# Yet another X-Trail turbo failure



## spanktheplank (Aug 17, 2007)

I just want to relay my recent experience for the benefit of others that might not be in the know.

I bought my X-Trail secondhand from a local Nissan dealer in January 2007 to replace a 15 year old Land Rover Discovery TDi which we'd had from new without major problems. The X-Trail is a 2.2 DCi Sport 136 first registered in July 2004. When I bought it, it had 20,200 miles on the clock. By the time the turbo went on 4th August it was up to 26,800.

Most of my driving has been on motorways. I haven't taken it off road yet, or towed with it. I don't thrash it. I try to keep the revs below 3,000.

On the day in question, I'd driven about 3 miles from home, and was pulling up the ramp onto the local motorway, I guess accelerating steadily through 50mph, when there was a strange noise and immediate siren like sound that both my wife and I thought was a police car or ambulance behind us. On looking in the mirror, I could see that the car had deposited a large cloud of black smoke on the following traffic.

Took it to the Nissan dealer. Hey presto turbo failure. Luckily they managed to get a new replacement turbo from Nissan UK under warranty, even though the car was just outside the warranty period by a month. This took about a week waiting for Nissan's decision. I had to pay for the labour though. Got the X-Trail back this morning.

I asked the service rep would it go again, and he told me that turbo failure in this engine is pretty common between 20 and 30,000 miles, but that hardly any of the ones that they've replaced have ever come back in. NIssan won't admit it's a design fault, but my dealer thinks they have probably done a mod on the turbo. Anyone know if this is true?

I love the X-Trail so far, but it's let down by the turbo failures etc. Would I buy another? Well, I'm not sure. Before the turbo went I would have said yes. I think I'll keep it until 2009 then decide.


----------



## flynn (Jun 23, 2006)

spanktheplank said:


> NIssan won't admit it's a design fault, but my dealer thinks they have probably done a mod on the turbo. Anyone know if this is true?


My brother-in-law bought his X-t in 2005 and there was a recall a few months later to tweak the ECU after reports of turbo failure. The dealer should have details on his system. Do you know if that was done on yours?

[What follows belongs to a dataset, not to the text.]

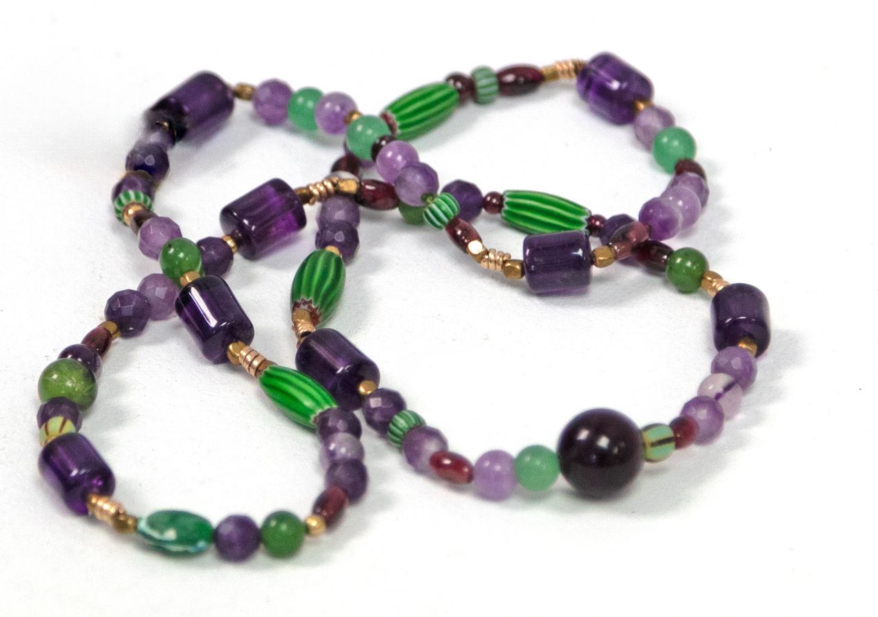 african trade beads, vintage amethyst & garnet. roman period brass & singular glass bead, gold-filled spirals. moss agate & jadeite.

It was a known problem and I'd guess you might be covered by the Sale of Goods Act to recover the labour costs from the dealer. Would have a word with Trading Standards and/or CAB.


----------



## spanktheplank (Aug 17, 2007)

Thanks Flynn. I'll look into that. I'll make enquiries about the recall aswell. Do you know if anyone keeps a list of recalls on particular models?


----------



## flynn (Jun 23, 2006)

I seem to remember seeing a list of recalls on the Nissan site but it didn't seem to be complete. You might get some sense out of Nissan customer services if you catch someone there on a good day.


----------